Clin Res Cardiol 96: Suppl 1 (2007)

V1478 - Expression, Localization and Regulation of Organic Cation Transporters in Human Heart
 
J. Haney1, M. Grube1, K. Meissner1, M. Böhm2, G. Jedlitschky1, H.K. Kroemer1
 
1Institut für Pharmakologie, Universität Greifswald, Greifswald; 2Innere Medizin III, Kardiologie und Angiologie, Universitätsklinikum des Saarlandes, Homburg/Saar;
 
Background: During the last years it became evident that drug transporters like P-glycoprotein and other members of the ABC-transporter family are not only expressed in cancer cells, biotransforming organs or physiological barriers, but also in other tissues like heart. It was further recognized that drug transport processes are not only dependent on efflux transporters, but also on uptake mechanisms mediated by special transport proteins. The uptake transporters relevant in drug uptake are divided into three major groups, the organic cation and anion transporters (OATs and OCT(N)s) and the organic anion transporting polypeptides (OATPs), which are responsible for the uptake of more bulky compounds. Because several OCT transporters have been shown to be involved in the uptake of cardiovascular drugs like verapamil and spironolactone as well as important endogenous compounds like carnitine, we decided to characterize the cardiac expression of OCT1, 2 and 3 as well as OCTN1 and 3.

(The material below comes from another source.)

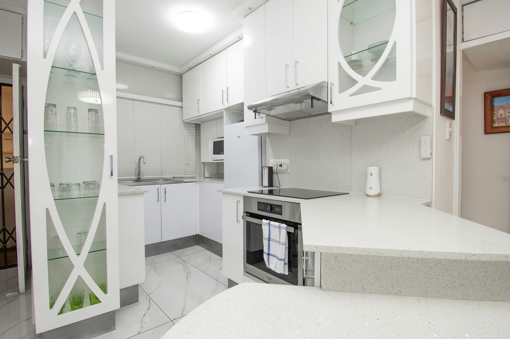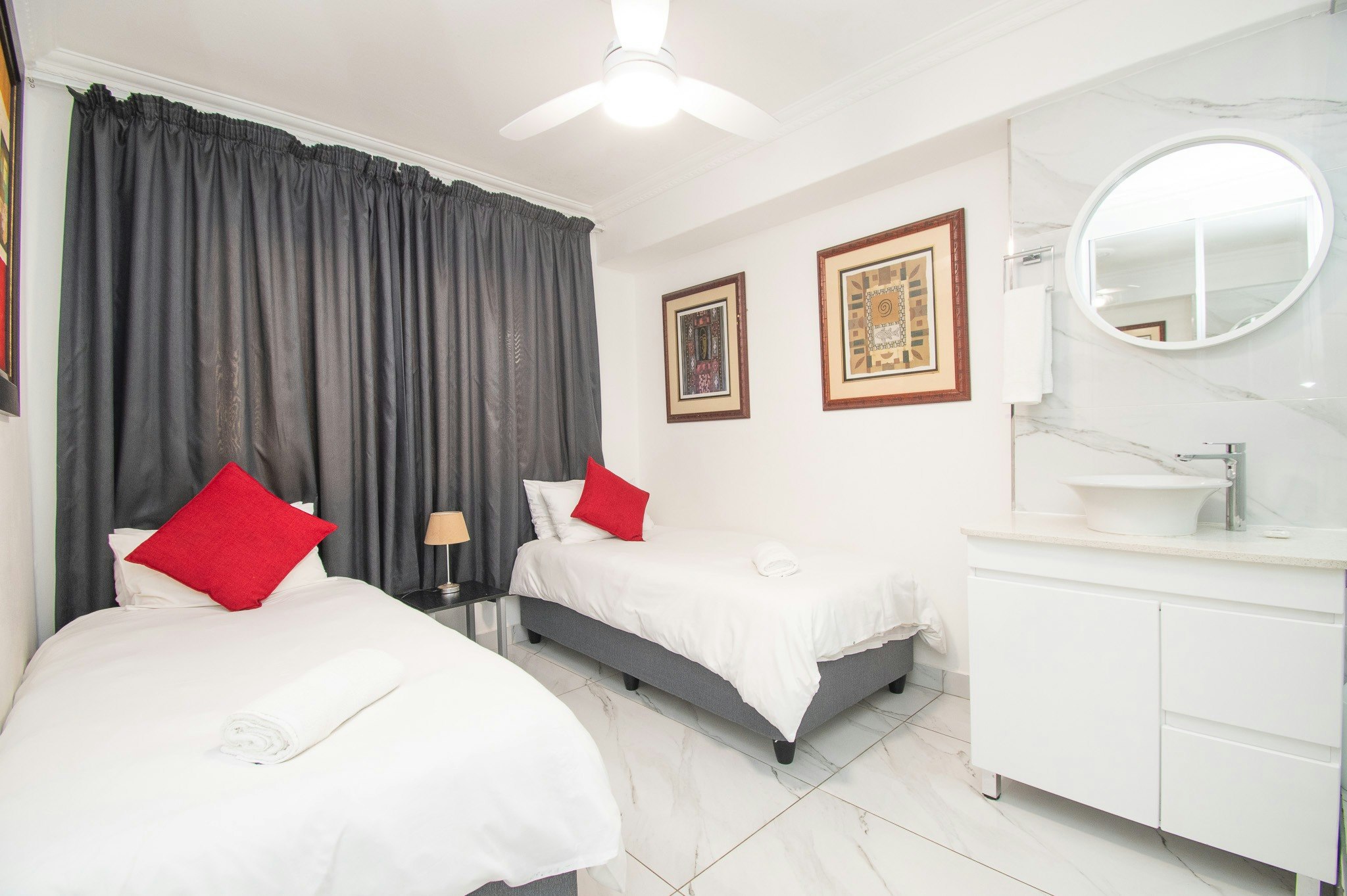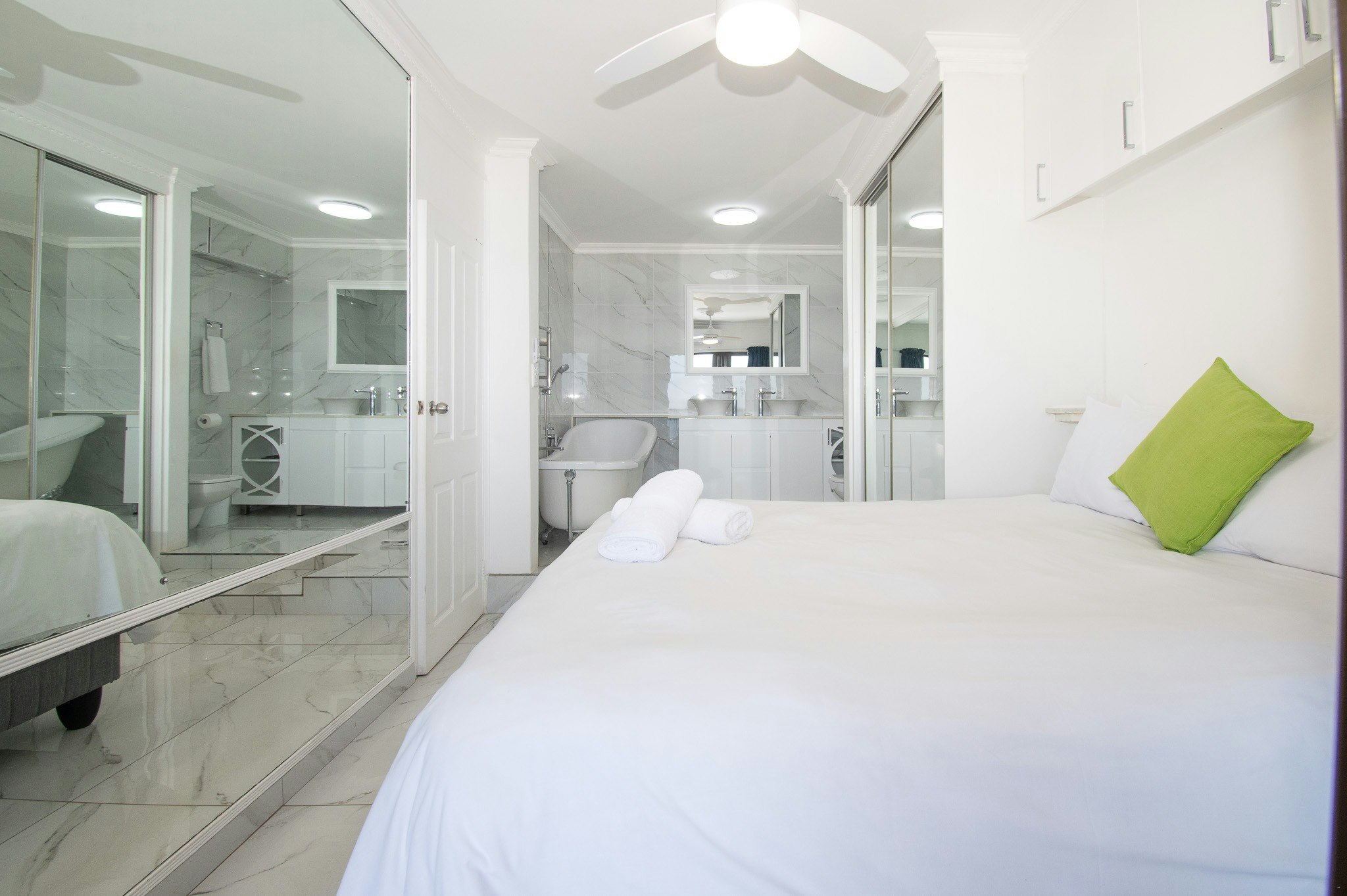 Die woonstel bied slaapplek aan 4 gaste en beskik oor 2 slaapkamers en 2 badkamers. Die hoofslaapkamer het 'n koningingrootte-bed en 'n en suite-badkamer met 'n bad. Die tweede slaapkamer het 2 enkelbeddens en 'n en suite-badkamer met 'n stort.

Methods/Results: mRNA levels of OCT1, 2, 3 and OCTN1 were analyzed in heart samples by quantitative polymerase chain reaction. Samples were taken from patients with ischemic cardiomyopathy (ICM) and dilated nonischemic cardiomyopathy (DCM; n = 7 each) as well as from control hearts (NF) obtained from potential donors without any evidence of heart disease on medical history. OCT1 mRNA expression was reduced in the DCM and ICM samples, with expression levels of 62% and 61% of NF hearts, respectively. OCT2 mRNA could not be detected in human heart, while OCT3 mRNA expression was also slightly reduced in patients with cardiomyopathy (DCM: 78%, ICM: 67%).  A major difference however could be detected in the mRNA expression of the low affinity carnitine transporter OCTN1, which expression was decreased to 36 % for DCM and 82% for ICM samples as compared to NF hearts. For localization studies we used immunofluorescence microscopy revealing OCT1, 3 and OCTN1 to be mainly located in the vascular endothelium. In contrast, the OCTN3 protein was mainly detected in cardiomyocytes with only weak signals within the endothelial cells.

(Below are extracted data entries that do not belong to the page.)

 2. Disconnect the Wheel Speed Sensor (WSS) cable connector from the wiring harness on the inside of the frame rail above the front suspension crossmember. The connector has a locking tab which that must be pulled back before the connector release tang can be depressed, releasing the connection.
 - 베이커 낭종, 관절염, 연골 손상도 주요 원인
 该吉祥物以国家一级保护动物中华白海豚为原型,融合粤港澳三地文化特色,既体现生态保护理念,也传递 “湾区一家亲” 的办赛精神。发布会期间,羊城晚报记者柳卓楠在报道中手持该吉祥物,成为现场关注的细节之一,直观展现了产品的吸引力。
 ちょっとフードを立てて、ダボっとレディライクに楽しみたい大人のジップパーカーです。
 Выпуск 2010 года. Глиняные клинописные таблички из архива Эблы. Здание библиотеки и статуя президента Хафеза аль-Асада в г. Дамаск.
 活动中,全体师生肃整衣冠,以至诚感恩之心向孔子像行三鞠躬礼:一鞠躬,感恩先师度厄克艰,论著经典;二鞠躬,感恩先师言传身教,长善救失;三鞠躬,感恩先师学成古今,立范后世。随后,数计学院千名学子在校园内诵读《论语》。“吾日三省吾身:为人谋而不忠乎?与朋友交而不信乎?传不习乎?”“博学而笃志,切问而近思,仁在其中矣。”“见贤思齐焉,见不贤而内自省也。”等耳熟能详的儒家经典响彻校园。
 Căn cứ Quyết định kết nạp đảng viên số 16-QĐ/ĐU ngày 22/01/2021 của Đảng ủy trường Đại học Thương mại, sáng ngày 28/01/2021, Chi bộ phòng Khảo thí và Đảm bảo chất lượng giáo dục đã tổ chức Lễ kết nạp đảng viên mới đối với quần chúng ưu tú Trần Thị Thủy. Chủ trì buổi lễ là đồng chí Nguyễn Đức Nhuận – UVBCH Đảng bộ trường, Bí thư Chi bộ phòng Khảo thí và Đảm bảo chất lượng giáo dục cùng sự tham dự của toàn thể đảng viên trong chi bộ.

Conclusion: Taken together, mRNA expression of OCT1, 3 and OCTN1 could be demonstrated in human heart. Furthermore, OCTN3 could be detected on protein level. While OCT1, 3 and OCTN1 are mainly located to the vascular endothelium, OCTN3 was only found  in cardiomyocytes. With regard to a disease dependent expression we found OCT1, 3 and OCTN1 to be modulated by dilated and ischemic cardiomyopathy. The latter finding may be important with regard to cardiac uptake of cardiovascular drugs like verapamil administered to these patients.